One of the most important ways to ensure that your assessment goes smoothly is to obtain commitment from top-level management that PCI compliance is a priority. An email from the CIO or CISO can go a long way in communicating to the front-line personnel that will be engaged in the assessment that their timely cooperation is necessary for the success of the engagement.

Do I Understand My Classification and Level?

It’s very important to understand exactly where the organization lies regarding PCI validation requirements. Too often, entities do not know their classification and level, and unknown situations present themselves during the audit, which causes delays, and additional expense. The first thing to know is whether you are a Merchant, a Service Provider, or both.

Am I a Merchant or a Service Provider?

From a PCI perspective, any entity that interacts with cardholder data (CHD) is either a Merchant, or a Service Provider. At a high level, a Merchant is an entity that accepts CHD as payment for goods or services, and a Service Provider is an entity that stores, processes or transmits CHD on behalf of another entity, or provides some service which can affect the security of another entity’s CHD. How is it determined whether an entity is a Merchant, or a Service Provider? First, follow the Merchant IDs.

A Merchant obtains a merchant ID (MID) from an acquiring bank, or sometimes a payment processor acting as an acquiring bank, which is used to ensure the Merchant receives the funds, and that the cardholder’s account is billed, for the goods or services purchased. A more generic term for these banks or payment processors is ‘acquirer’, which we will use for the remainder of this article. If an entity ONLY stores, processes or transmits CHD using MIDs that they own, they are a Merchant.
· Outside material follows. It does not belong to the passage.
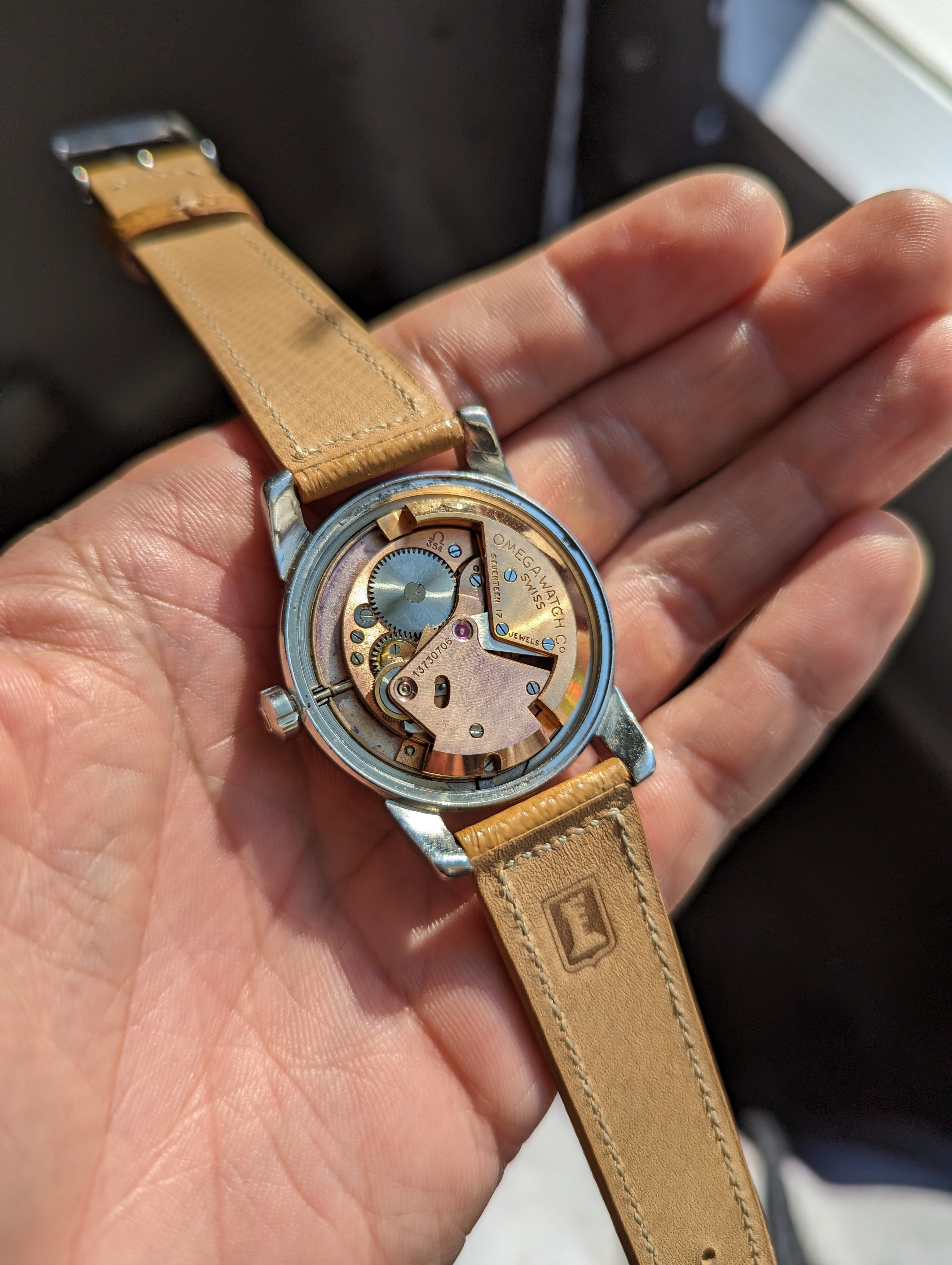 MOVEMENT: Omega bumper automatic caliber 354. The movement has just returned from service which cost $400. The invoice will be provided with the sale of the watch and will come with a 1 year warranty.

If an entity stores, processes or transmits CHD that isn’t directly attached to their MIDs, they are a Service Provider. It’s important to note that it’s possible for an entity to be both a Merchant and a Service Provider.

As mentioned above, the other way an entity can be a Service Provider is by affecting the security of another entity’s CHD. Examples of this include hosting, managed services, and payment processing.

Why is this important? There are numerous additional PCI requirements that can require significant additional time, resources, and expense for Service Providers. It’s critical for an entity to understand whether any of these requirements need to be assessed, and to be prepared for the effort. It also lets an entity understand who needs to know they are PCI compliant.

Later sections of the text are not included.